Flutter Entertainment shares rose 7.8% to 8,935p after the Paddy Power owner reported a strong first three months of the year for its US business FanDuel and noted a 6% rise in group revenues to £1.57bn. Flutter also noted a 15% rise in average monthly players to 8.9m.

Entain, Flutter’s rival, saw its shares gain 2.2% to 1,525p.

Mining stocks dragged the FTSE 100 down with Rio Tinto shares falling 2% to 5,532p; Anglo American shares down 0.6% to 3,557p and Glencore shares dropping 0.08% to 483p as an outcome of ratings cut from Liberum weighing on the mining sector.

Retail stocks added to the burden by sinking too.

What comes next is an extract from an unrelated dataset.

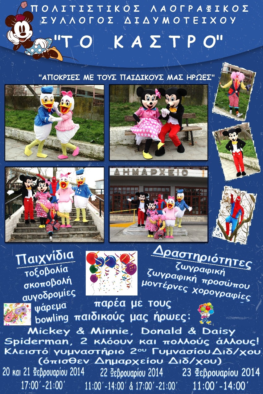 Ο Σύλλογος μας σας προσκαλεί όλους να έρθετε κοντά μας σε ένα ξέφρενο τετραήμερο αποκριάτικο γλέντι, με πολλά παιχνίδια για μικρά και μεγάλα... παιδιά, έπαθλα, μοντέρνες χορογραφίες και άλλες δραστηριότητες, από κλόουν και λατρεμένους παιδικούς ήρωες που μεγάλωσαν γενιές και γενιές! Φορέστε την αποκριάτικη στολή σας κι ελάτε 20 έως 23 Φεβρουαρίου 2014, στο κλειστό γυμναστήριο του 2ου Γυμνασίου Διδυμοτείχου, ακριβώς πίσω από το Δημαρχείο. Το πρόγραμμα λειτουργίας είναι το ακόλουθο: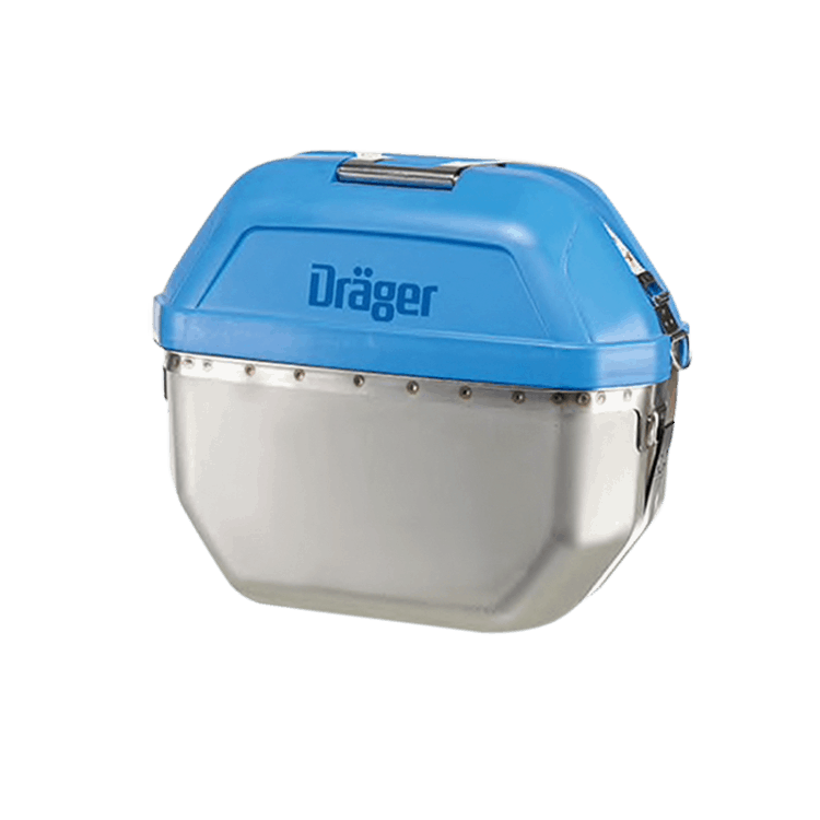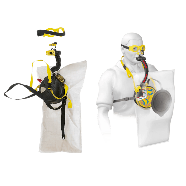 The Oxy SR 30 self contained Self-Rescuer makes you independent of the ambient air for 30 minutes in an emergency and protects your eyes from toxic gases with protective goggles. The Oxy SR 30 is easy to put on and immediately activated, making it suitable for less trained people.

Kingfisher shares fell 6% to 238p, followed by Howden Joinery shares losing 3.5% to 699p, and JD Sports shares trading down 3.2% to 130p.

“Household budgets are constrained and while luxury brands serving the very wealthy usually ride out downturns well and cheaper outlets can attract shoppers who are trading down, more premium high street brands look vulnerable,” added Mould.

Admiral shares lost 3.5% to 2,470p after the car insurer’s rival Direct Line Insurance announced that it’s motor new business premiums increased by mid-single digits early in January and were flat through the rest of the quarter.

National Grid shares dropped 0.5% to 1,189p following the announcement that the electricity distribution business will pay just under £15m to a UK regulator after failing to properly advise some of its most at-risk customers. 

HSBC shares rose 1.5% to 520p after the lender launched its planned $1bn share buyback.